Yine de ödülün varlığı zararsız, hatta biraz tatlı. Ne de olsa yıllarını zanaatlarına adamış sporculara hak ettikleri bir kutlama yapmak için bir şans. Daha büyük bir sorun, uyguladığı kültürel ağırlıktır: Törenden önceki aylarda, herhangi bir spor başarısını yalnızca ödülün hedefini nasıl etkileyebileceği ışığında sunma eğilimi vardır.
Formula 1 dünya şampiyonluğunu kazanan Lewis Hamilton veya ABD Açık’ta Emma Raducanu veya Tour de France’da bir İngiliz bisikletçi: Bu, onların yılın spor kişiliği olmak için favori oldukları anlamına mı geliyor? Gerçek sporların kendileri elemelerden başka bir şeye indirgenemez.
Bu sezon Jude Bellingham ile sözleşme imzalama yarışının benzer bir havaya büründüğü zamanlar oldu. Borussia Dortmund’un orta saha oyuncusu Bellingham ile ilgili tasarımlara sahip futbol kulüplerinin kampanyaları, genellikle kupa kazanma veya Şampiyonlar Ligi’ne katılma girişimleri olarak değil, bunun yerine 19 yaşındaki çocuğun yeni evi olarak hizmet verecek seçmeler olarak ele alındı.
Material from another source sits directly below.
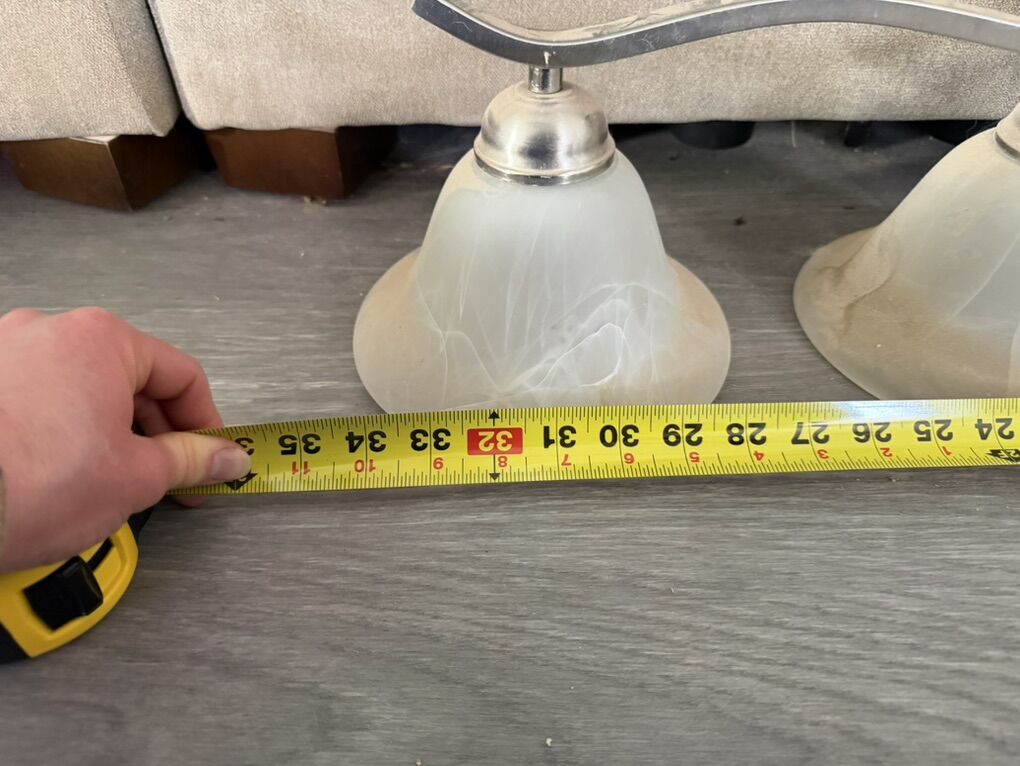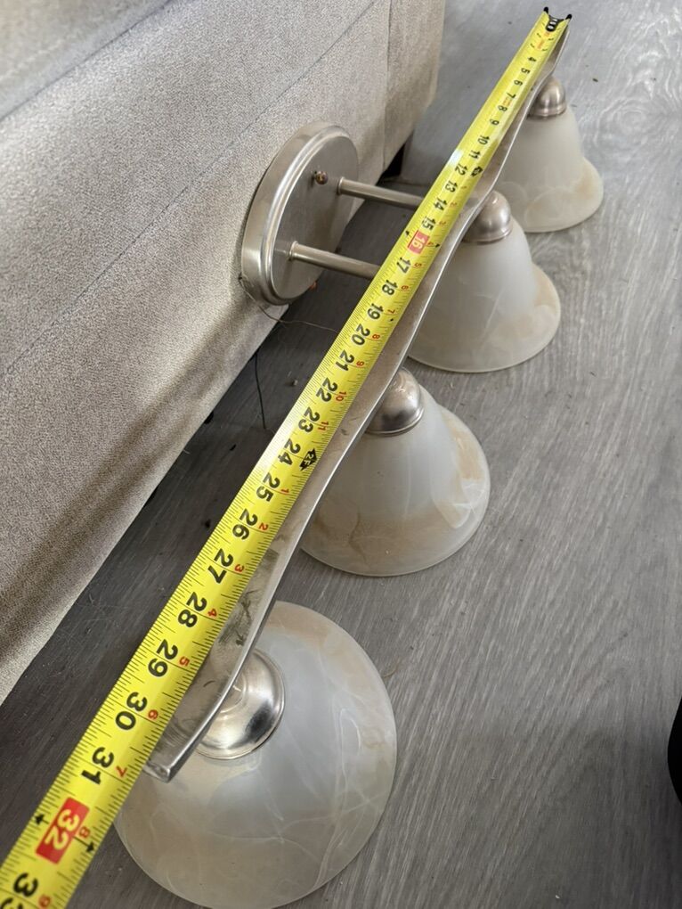 ApplePay30 - 35 in.brushed nickel vanity light. Has been used, though is in great condition besides some dust it collected. Asking only $35 even tho they’re worth a lot more. I included measurements in pics.

Birkaç ay önce, üç ana yarışmacı arasında seçim yapmak için çok az şey vardı. Real Madrid ihtişam, Luka Modric ve kıskanılacak bir Şampiyonlar Ligi kupaları sunuyor. Manchester City, beş yılda rakipsiz bir servete, Pep Guardiola’ya ve dört Premier Lig şampiyonluğuna sahip. Liverpool, Jürgen Klopp’a ve Steven Gerrard’ın anısına sahipti ve 2019’dan beri mevcut olan tüm büyük ödülleri aldı.
Ancak bu sezon, denklemin şartlarını önemli ölçüde değiştirdi. Real Madrid ve Man City her zamanki gibi sorunsuz yol almaya devam ettiler ama Liverpool çöktü. Klopp’un takımı bu sezon 2018-19, 2019-20 ve 2021-22’nin toplamından daha fazla Premier Lig maçı kaybetti. Deplasmanda sadece üç kez kazandı.
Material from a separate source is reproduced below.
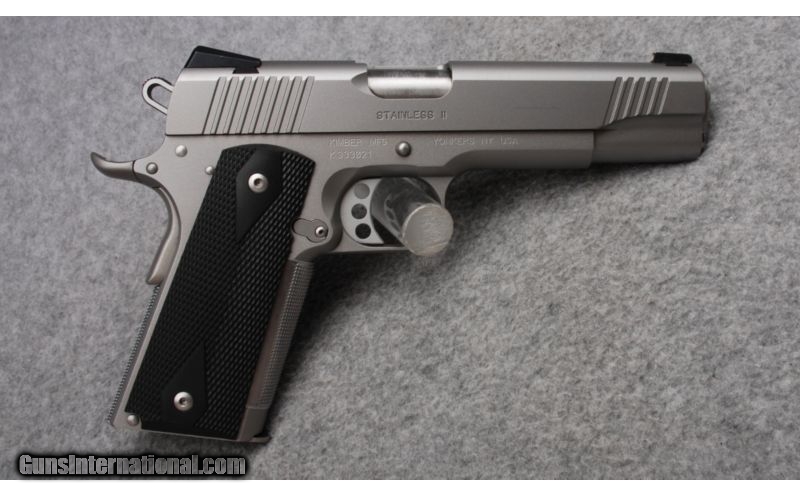 Description: This is a Kimber Stainless Custom II pistol in .45 ACP. It has Tritium night sights, a checkered front strap, and a full length guide rod. Condition is Excellent with a shiny bore. SOLD Caliber Info: .45 ACP Metal Condition: Excellent Bore Condition: Bright and Shiny Barrels: 5" Match Grade Triggers: SA Match Grade Aluminum Sights: Low Profile Tritium 3 Dot Night Sights Extras: Comes with box Item Location: Reno, NV |

Şampiyonlar Ligi’nden Real Madrid’e karşı sızlanarak ayrıldı ve rekabete geri dönme umutları tamamen azalıyor. Liverpool şu anda altıncı sırada, son eleme yuvasında Tottenham’ın yedi puan gerisinde. İyi haber şu ki, önümüzdeki hafta bu farkı kapatmaya çalışacak üç maç olacak. Kötü haber mi? City, Chelsea ve Arsenal’e karşılar.
Liverpool’un hızlı, öngörülemeyen düşüşüne çeşitli faktörlerin katkıda bulunduğu belirlendi – yorgunluk, yaralanma, öngörülebilirlik, zamanın acımasız yürüyüşü – ancak tezahür etme şekli basit teşhise meydan okuyor.
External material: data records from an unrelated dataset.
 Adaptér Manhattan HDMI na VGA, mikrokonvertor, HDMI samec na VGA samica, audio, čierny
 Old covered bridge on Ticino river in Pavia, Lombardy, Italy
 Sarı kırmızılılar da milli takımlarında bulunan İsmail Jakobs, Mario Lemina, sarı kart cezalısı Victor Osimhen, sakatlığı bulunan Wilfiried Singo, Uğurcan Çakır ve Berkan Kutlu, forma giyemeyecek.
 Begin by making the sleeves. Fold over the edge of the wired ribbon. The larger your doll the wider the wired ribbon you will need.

Savunmaya, orta sahaya ya da herhangi bir nedenle sadece Trent Alexander-Arnold’a parmakla işaret etmek için iyi bir ısırık yaptı, ancak gerçek şu ki, Liverpool’u beş yılda üç Şampiyonlar Ligi finaline götüren sistem; otuz yıldaki ilk Premier Lig tacının yanı sıra karmaşıktı ve iç içe geçmişti.
Takımın bir yönü hapşırdığında, geri kalanı soğuk algınlığına yakalanır: Liverpool’un savunması savunmasız görünüyor çünkü orta sahası çalışmayı durdurdu. Ancak orta sahası hücumda etkili baskı yapmadığı için sıkıntı yaşıyor. Tıpkı bir zamanlar akıcı bir konserde işe yaradığı gibi, Klopp’un ekibi birlikte durma noktasına geldi ve hızlı bir başlangıç yapmak için denediği her şey başarısız oldu.
Çoğu kişi için çözüm ortada. Liverpool, sezonun büyük bir bölümünü kadrosunu elden geçirmesi gerektiği söylenerek geçirdi. En acil olarak, yaşlanan orta sahasını güçlendirmesi gerekiyor. Bu amaçla Mason Mount’ın Chelsea ile olan sözleşme görüşmelerini izliyor. Kulübün ayrıca Wolves ve Portekiz oyuncusu Matheus Nunes ile uzun süredir devam eden bir ilgisi var.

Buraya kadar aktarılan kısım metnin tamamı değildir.